*What you should do*
What you return should be the lines from the one with "Linsen-Zucchini-Falafeln mit Grillpaprika-Sauce" through the one with "This sweet couple, Eunice" in the data below, reproduced exactly with both ends, and no pictures at all.

*Records provided*
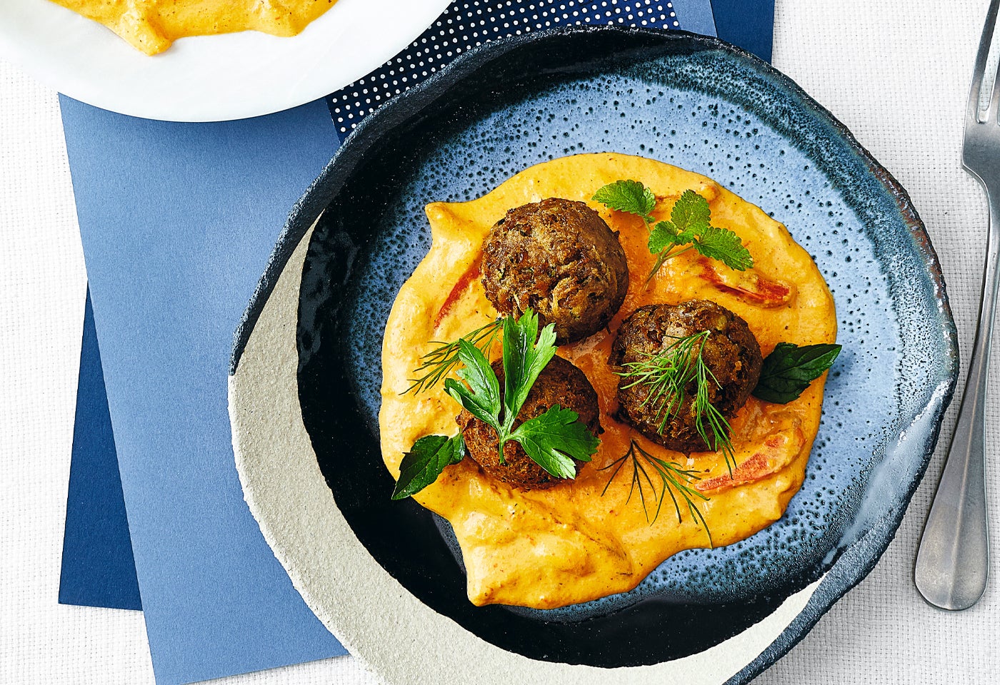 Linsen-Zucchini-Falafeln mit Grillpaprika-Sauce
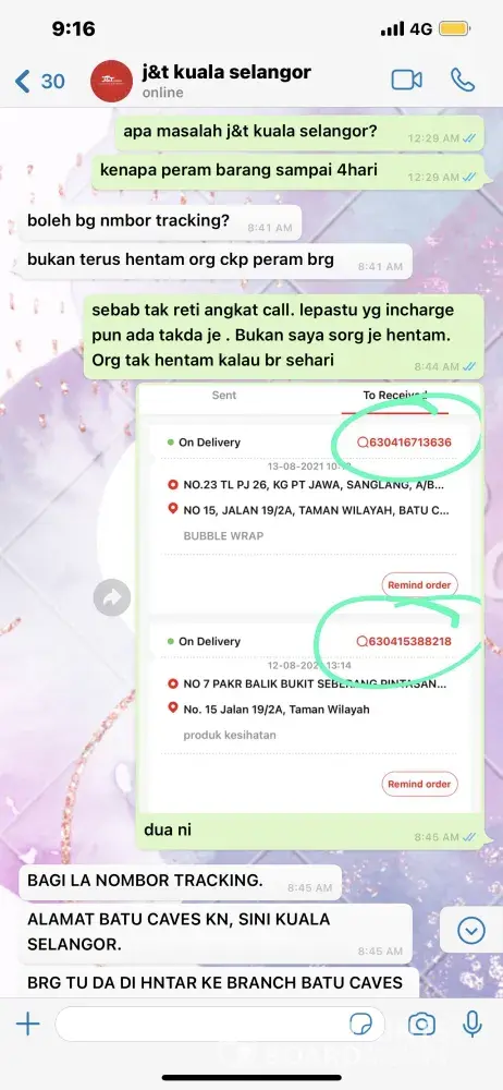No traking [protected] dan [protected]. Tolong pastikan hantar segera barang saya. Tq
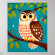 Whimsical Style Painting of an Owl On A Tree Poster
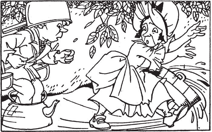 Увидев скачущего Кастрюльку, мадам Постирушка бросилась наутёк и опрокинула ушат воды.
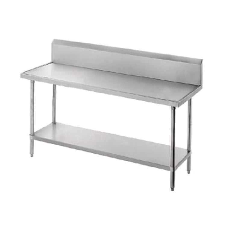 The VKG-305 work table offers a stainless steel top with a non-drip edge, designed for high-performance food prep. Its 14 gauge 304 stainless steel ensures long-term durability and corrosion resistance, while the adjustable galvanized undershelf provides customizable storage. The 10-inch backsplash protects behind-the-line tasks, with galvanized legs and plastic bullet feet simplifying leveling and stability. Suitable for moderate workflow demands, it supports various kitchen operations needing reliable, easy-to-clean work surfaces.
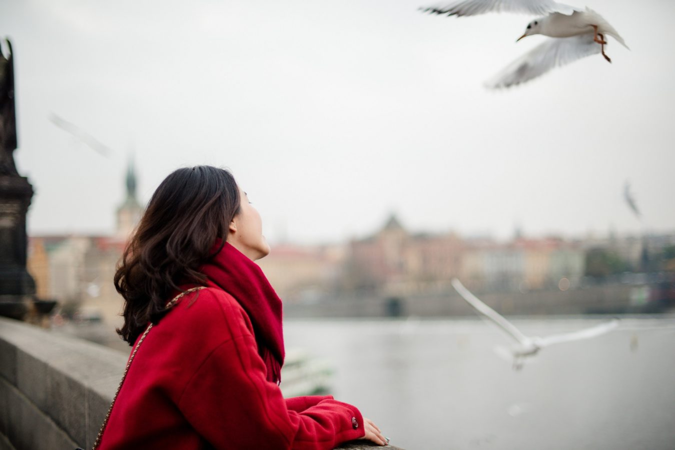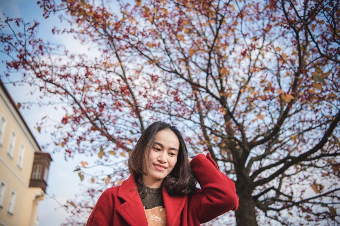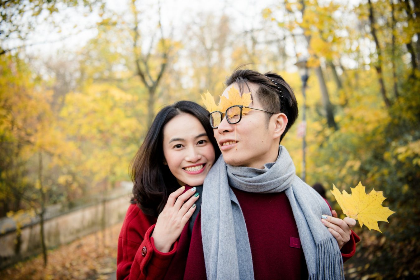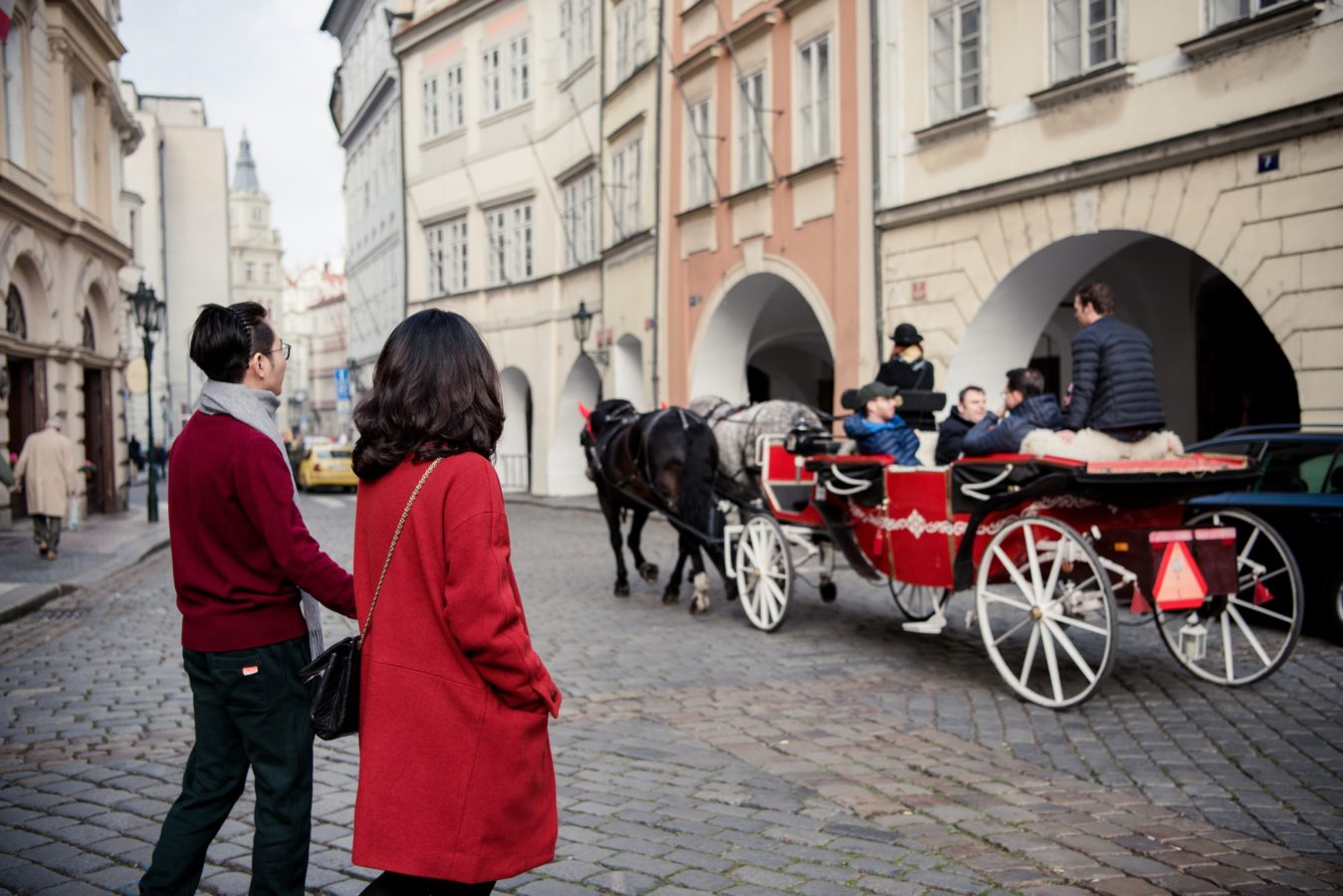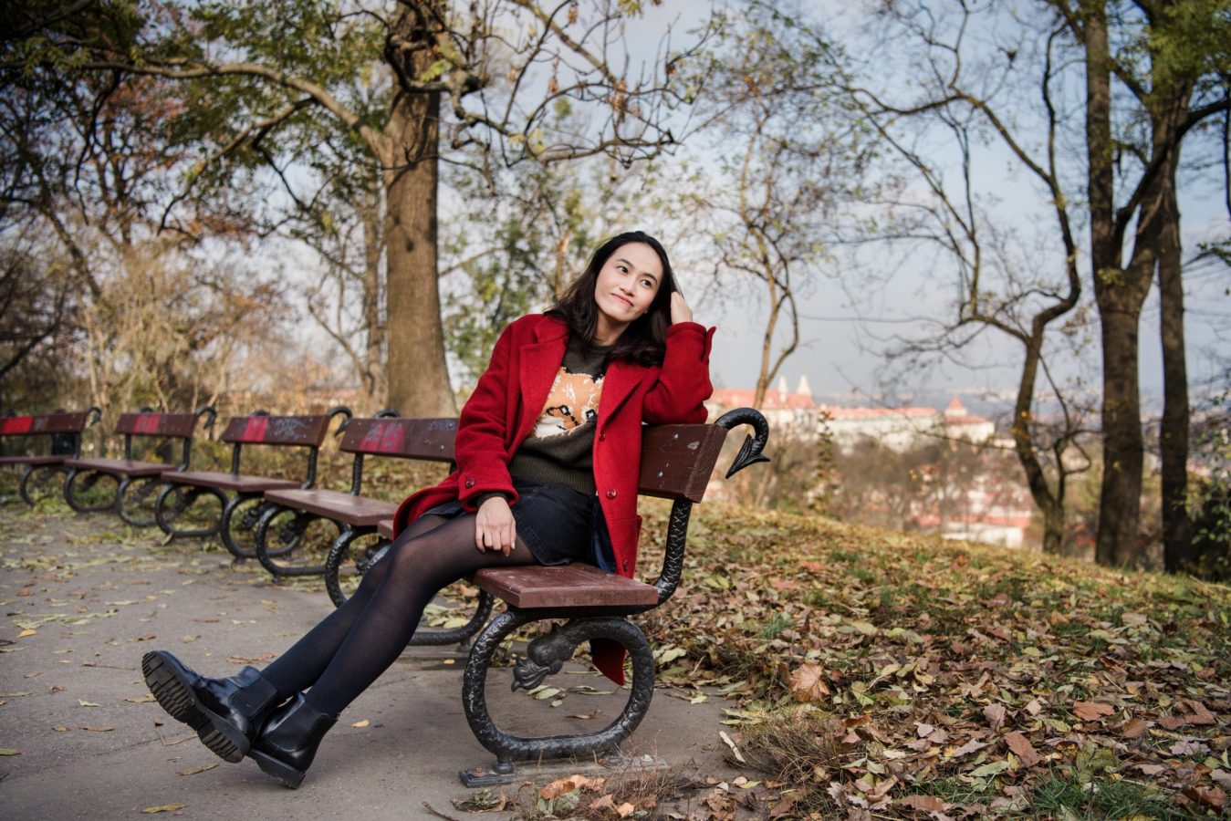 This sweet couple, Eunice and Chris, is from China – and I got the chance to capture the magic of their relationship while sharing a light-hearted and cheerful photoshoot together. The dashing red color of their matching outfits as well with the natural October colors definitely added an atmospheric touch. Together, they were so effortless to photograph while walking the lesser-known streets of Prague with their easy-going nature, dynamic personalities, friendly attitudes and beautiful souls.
--
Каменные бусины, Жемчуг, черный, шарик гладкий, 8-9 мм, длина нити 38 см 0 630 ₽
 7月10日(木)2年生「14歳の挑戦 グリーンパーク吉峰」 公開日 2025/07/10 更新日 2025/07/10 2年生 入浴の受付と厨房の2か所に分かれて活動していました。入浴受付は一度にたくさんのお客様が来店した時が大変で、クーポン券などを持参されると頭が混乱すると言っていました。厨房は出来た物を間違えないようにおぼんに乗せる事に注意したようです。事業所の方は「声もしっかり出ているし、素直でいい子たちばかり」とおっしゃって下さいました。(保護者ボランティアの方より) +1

*Exercise response*
 Linsen-Zucchini-Falafeln mit Grillpaprika-Sauce
No traking [protected] dan [protected]. Tolong pastikan hantar segera barang saya. Tq
 Whimsical Style Painting of an Owl On A Tree Poster
 Увидев скачущего Кастрюльку, мадам Постирушка бросилась наутёк и опрокинула ушат воды.
 The VKG-305 work table offers a stainless steel top with a non-drip edge, designed for high-performance food prep. Its 14 gauge 304 stainless steel ensures long-term durability and corrosion resistance, while the adjustable galvanized undershelf provides customizable storage. The 10-inch backsplash protects behind-the-line tasks, with galvanized legs and plastic bullet feet simplifying leveling and stability. Suitable for moderate workflow demands, it supports various kitchen operations needing reliable, easy-to-clean work surfaces.
 This sweet couple, Eunice and Chris, is from China – and I got the chance to capture the magic of their relationship while sharing a light-hearted and cheerful photoshoot together. The dashing red color of their matching outfits as well with the natural October colors definitely added an atmospheric touch. Together, they were so effortless to photograph while walking the lesser-known streets of Prague with their easy-going nature, dynamic personalities, friendly attitudes and beautiful souls.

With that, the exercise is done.